Williams Lake children and families have benefitted for 20 years from the dedication, hard work and generosity of people like local resident and Tolko employee Dale Martin.

He does Saturday barbecue pig roasts for special occasions such as weddings, anniversaries, reunions, birthdays and retirement parties and donates all proceeds to local kids’ charities and organizations.

Martin arrives in the morning of an event with a large propane rotisserie meat roaster on a trailer.

Sometimes helped at these events by friend and Tolko co-worker Dave Sulymka, he said he picks up the pig, usually purchased from Save on Foods or Margett’s Meats and brings it with him.

“We can also do beef, and can roast potatoes and corn and sometimes my wife Gloria makes salads,” he explained.

“This all started years ago when my former foreman at Lignum’s, Sal Demare thought it would be great to have a pig roast for our Ten Year Club at our company fishing derby at Timothy Lake.

We used to burn fir bark to roast the meat—pile it up and light it with a tiger torch. We did it about 15 years like that, with the spit being turned by an electric motor,” he continued.

“People got word of the pig roasts we did and we started getting asked to do events for other people.

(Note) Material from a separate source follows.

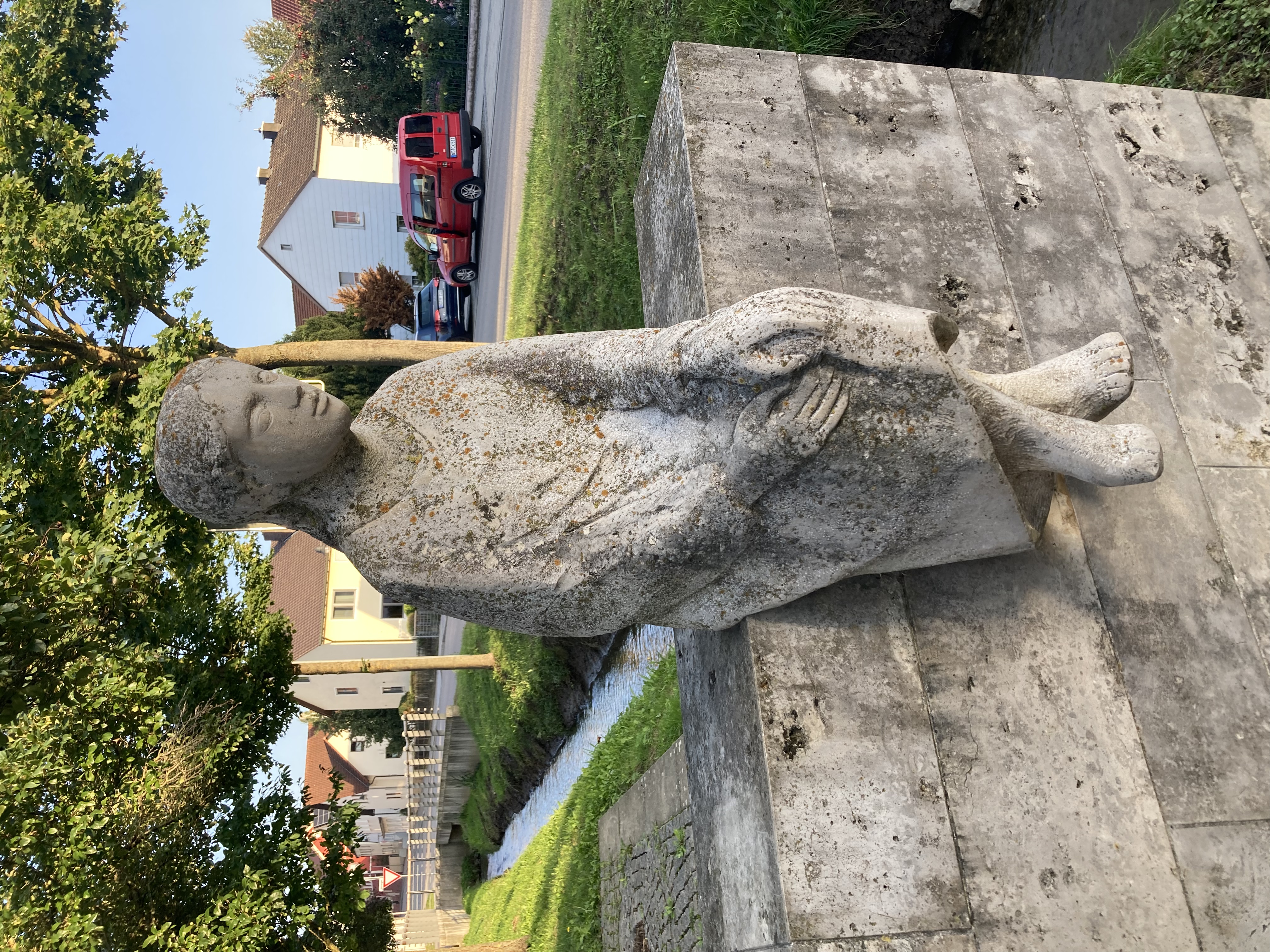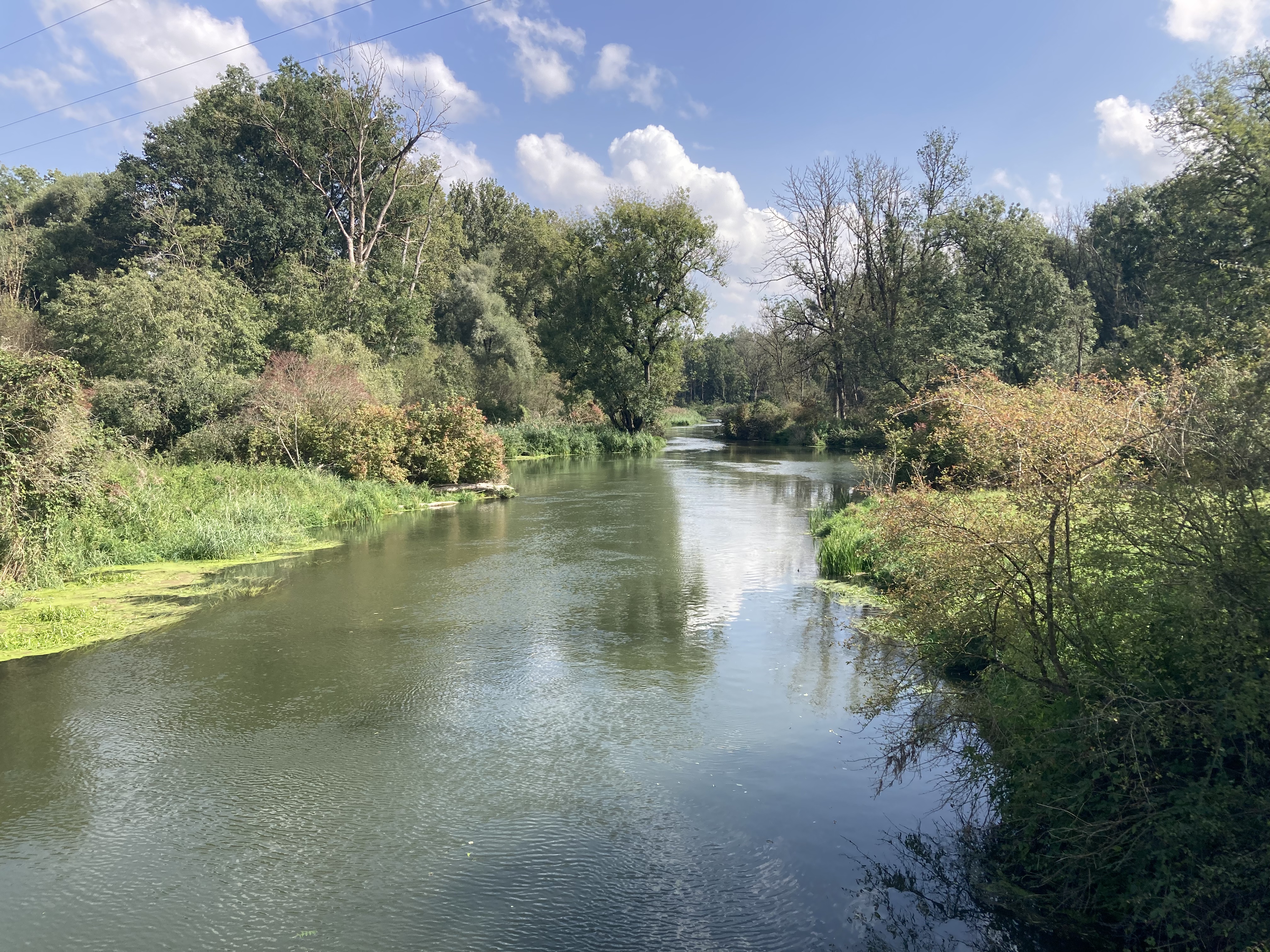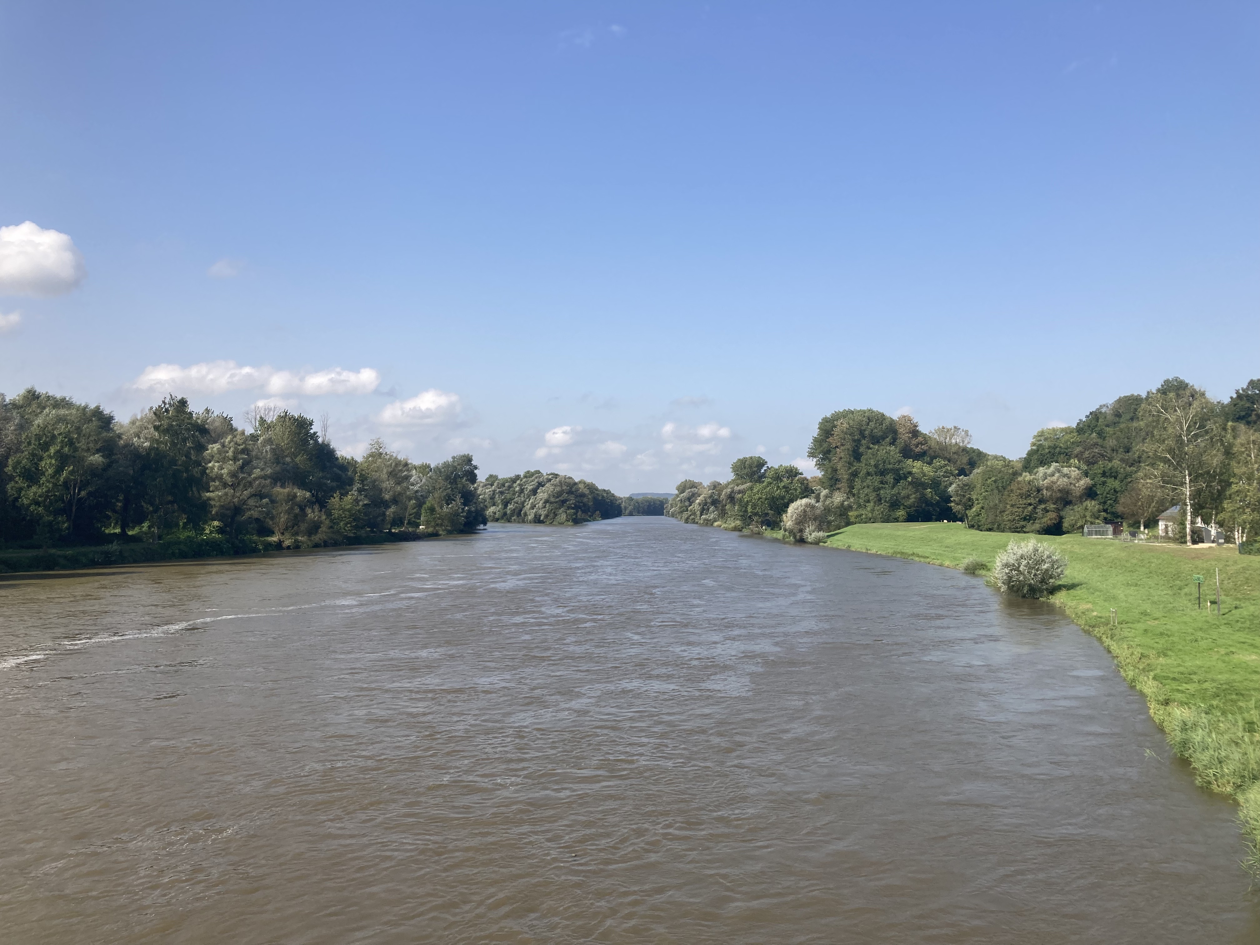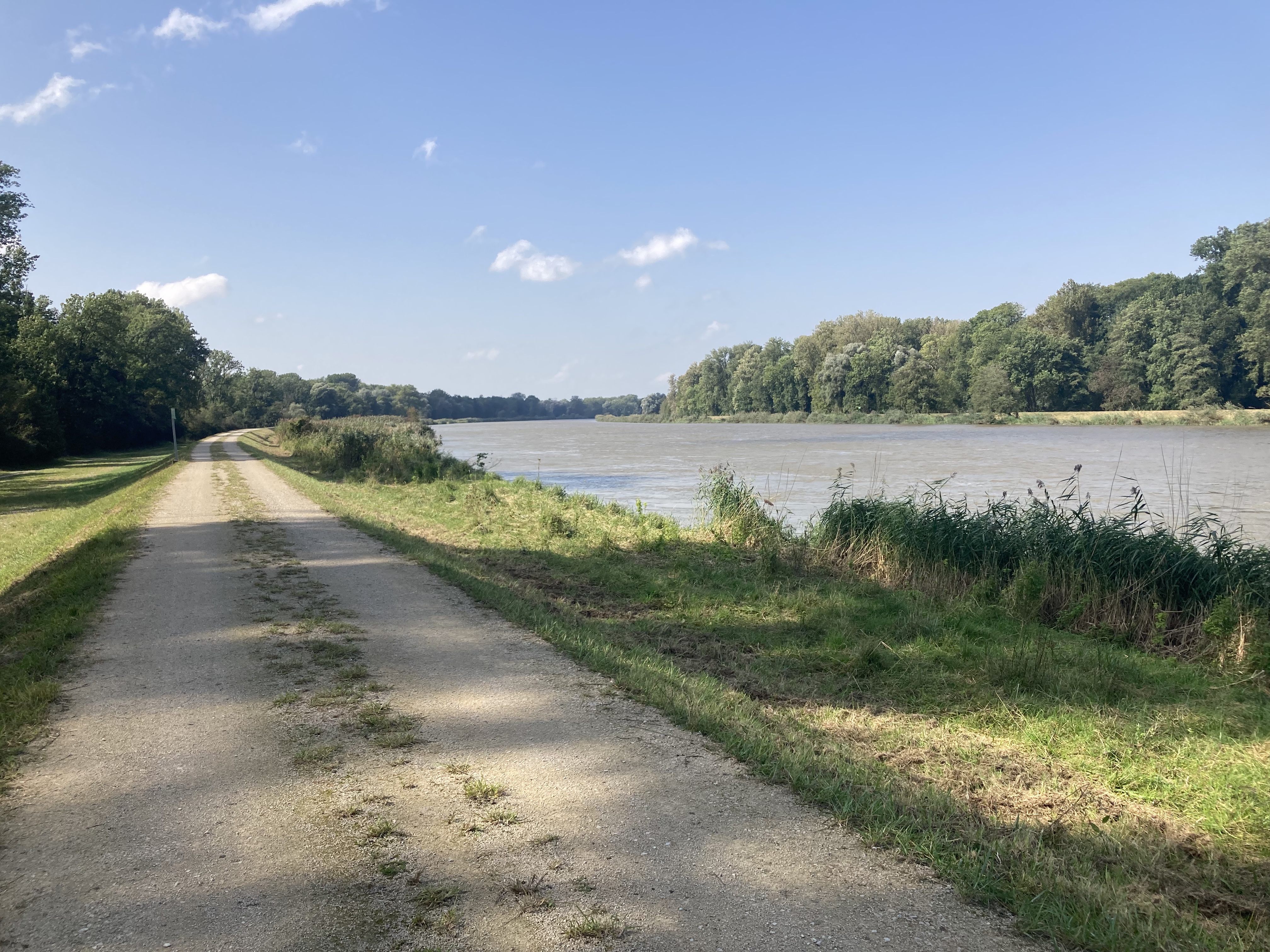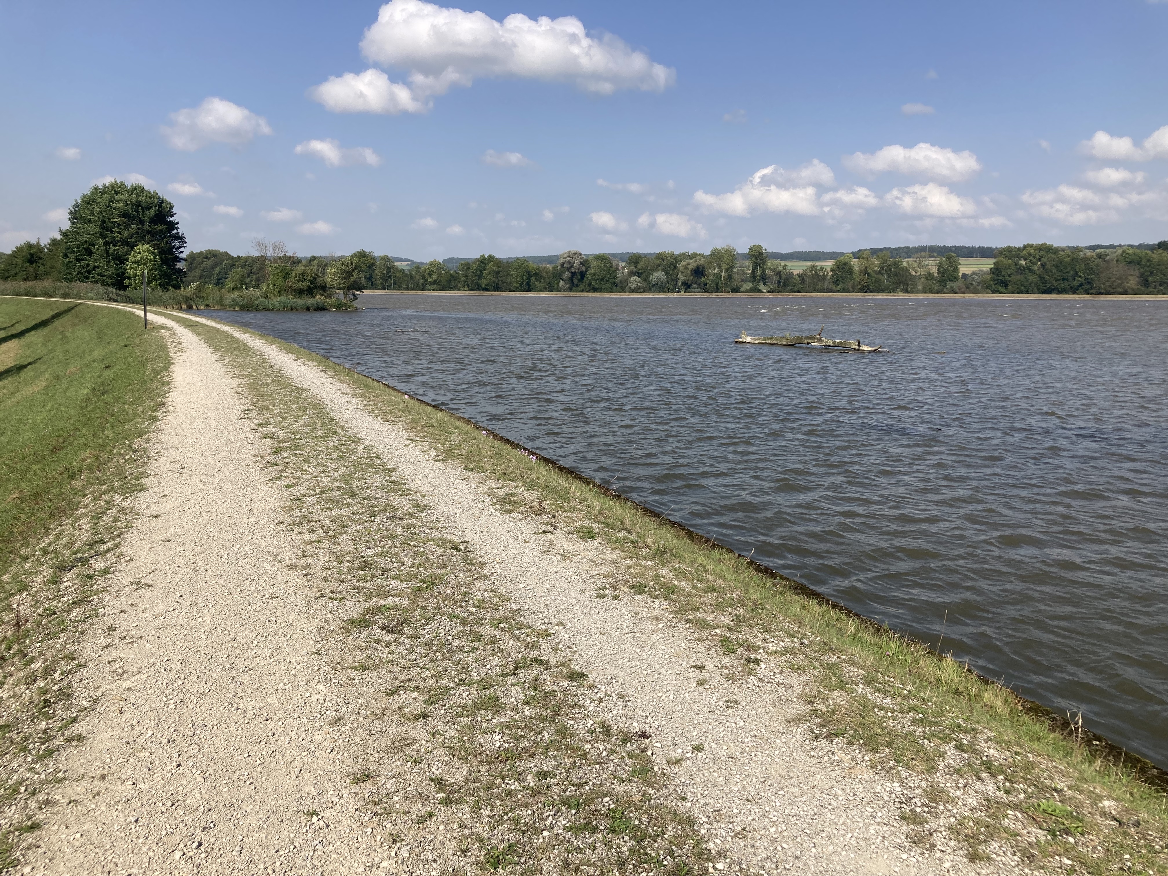 Heute führt fast zwei Drittel meines Weges an der Donau entlang. Die Sonne scheint angenehm und ich suche ein Bänkchen am Fluss, wo ich Tagebuch schreiben möchte. Mein Tiny-House erwartet mich erst um drei Uhr. Auf dem Damm ist es schön, aber es gibt kein einziges Bänkchen.

“We also volunteer for the seniors draft horse ride every year—making free lunches for everybody. Beamac donates the food for this fun event, and everyone looks forward to it.”

All of the proceeds that Martin makes doing the roasts are donated at Christmas time to kids’ programs and projects, including the Child Development Centre, Pregnancy Outreach Program, Tim Hortons’ Camp, the Salvation Army, Big Brothers and Sisters, the Brain Injury Society and to the Cariboo Memorial Hospital for a heart monitor.

“Everybody wants to come and see the pig turning and cooking at these events,” he said. “The smell is divine; Gloria pokes holes in the meat and inserts rosemary, thyme and garlic.”

He said that he cooks, carves and serves the meat. “People love to watch him carve the pig with cleavers, and a crowd gathers when he hands out the ‘candy,’ or the crispy skin,” Gloria added.

Martin said he took Food Safe in order to do the roasts, adding that he doesn’t cook at all, other than at his barbecues.

“I check the meat throughout the day using my thermometers. It takes seven hours to cook an 80 to 100 pound pig, although it’s closer to 12 hours with all the hauling, setting up and cleaning up,” he explained.

“I love meeting so many people,” he said. “We just wanted to help some kids and give something to the community.”